If you miss some of the files described in the previous section, you will be able to see the error message similar to the following screenshot.

Please make sure to place the correct files into the data folder. Once you have placed all required files, now it's time to parse them into the suitable formats right before loading into the database. Please follow the order in the Annotation tab, first load data into the database and then create BLAST indices using Generate FASTA indices link.

If you have expression data please go to the next tab otherwise please log out from the site and see all your changes are displayed on the GeneList, BLAST and gene information pages.

Using Command Line Interface (CLI)

Creating a new database using CMD

Due to the increasing number of species in PlantGenIE we use a standard naming convention to easily identify and maintain the databases. For example: [website name]_[species name]_[version number]

https://github.com/irusri/geniesys/blob/master/docs/images/genie_databases.png?raw=true

Log into the MySQL server and create a database.

CREATE DATABASE new_database;

You can download the empty database here. Then load the database into the newly created database using the following commands.

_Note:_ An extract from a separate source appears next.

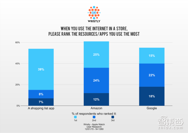 再来关注一下用户在实体店购物时最常使用的APP是什么?调查表明最受青睐的APP是购物清单类,亚马逊和Google。至于零售商开发的APP和其他第三方APP都还排不上号。

git show HEAD~1:scripts/dump.sql > dump.sql
mysql -u newuser -p newpassword new_database < dump.sql

Log into the MySQL server to create user and grant permissions.

Create MySQL user

CREATE USER [email protected]'localhost' IDENTIFIED BY 'newpassword';

User permissions

GRANT SELECT ON new_database.* TO [email protected]'localhost';
GRANT INSERT,UPDATE,DELETE ON new_database.genebaskets TO [email protected]'localhost';
GRANT INSERT,UPDATE,DELETE ON new_database.defaultgenebaskets TO [email protected]'localhost';

newuser, newpassword and new_database should be included in the plugins/settings.php similar to following example.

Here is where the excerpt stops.